Alien Reign of Man (2017) Review

Interstellar travellers look to save Earth on a monster-infested planet.

Alien Reign of Man is a 2017 sci-fi thriller about a team, stranded on a planet, who must fight aliens and activate a machine meant to restore Earth to a time before its downfall.

This will sound familiar. A small team of space travelling humans are on a desperate mission into the farthest reaches of space when they get stranded on a distant planet that houses a unique device that once triggered, will reset Earth from its dark decline and return it to its former hospitable self. Problem is, the planet is infested with vicious creatures with multiple eyes that are looking to feast on the humans. Can they complete their mission in time and survive both the dying planet and the monsters on it?

Written and directed by Justin Price, Alien Reign of Man is an extremely low-budget film that puts all its eggs in one basket, that being computer-generated visual effects, which populate nearly every frame of the movie. While they are mostly even and for what it is, generally convincing, they are not enough to mask the pallid story and amateur acting that ultimately keep the film from reaching its potential. 

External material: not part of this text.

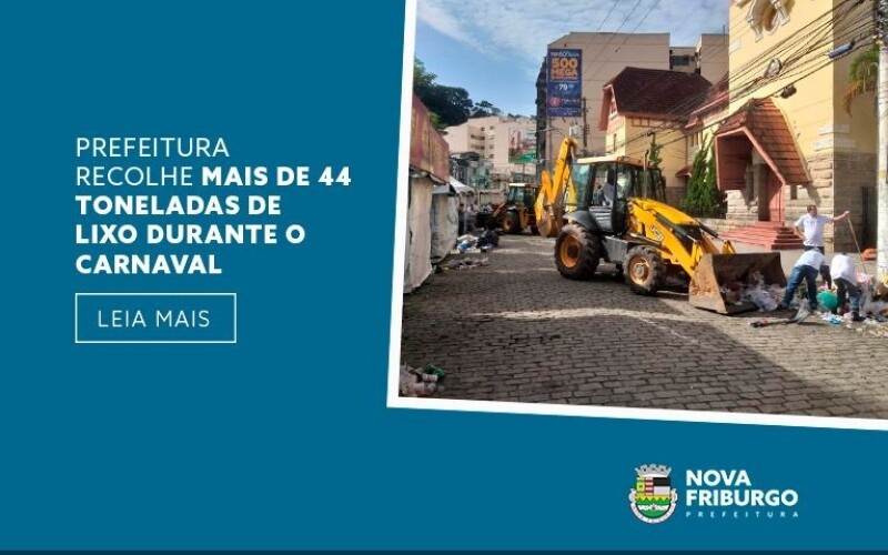 A Prefeitura de Nova Friburgo, através da Secretaria de Serviços Públicos, divulgou nesta sexta-feira, 24, o balanço da quantidade de lixo retirada nos seis dias de Carnaval. No total, conforme pesagem informada pela Empresa Brasileira de Meio Ambiente – EBMA, foram recolhidas 44.230 quilos de lixo no eixo central do município.

We are thrown right into plot, given nothing to grab onto as actors exposition their way around the the planet’s surface, much that looks like Earth with CGI horizons. It’s brutally slow and often hard to discern what’s going on as it uses disjointed flashbacks in attempting to keep us up to speed. We are never really given any chance to develop any investment in these people as they come and go, searching for a thing called “the Spire” and fighting off the occasional monster and ‘infected’, another team who were apparently sent beforehand to terraform the place, with hints of a great city that lies in ruin. We learn that there is a partner Spire on Earth and that dark matter is the key but truly, it’s never quite made all the clear, or at least with much interest.

Alien Reign of Man
Alien Reign of Man, 2017 © Pikchure Zero Entertainment

There’s very little action in the short 84-minute runtime with people standing in the dark talking a lot, which certainly wouldn’t be an issue except that everything is said to explain something that seems like the characters should already know. Price does have a good eye though and the film often looks very appealing, with several outdoor locations that inspire and a clean, sharp style. But it’s all for naught as poor performances and a troublesome script leave the experience feeling more like a proof of concept project for a visual effects house than a completed film. I’ve tried to avoid the obvious Ridley Scott Alien lineage the film seems earnestly striving for, a comparison almost too easy to make, but there are plenty and none seem by accident. High marks to the filmmakers for some good cinematography and their CGI, but Alien Reign of Man will only appeal to the most ardent sci-fi fans.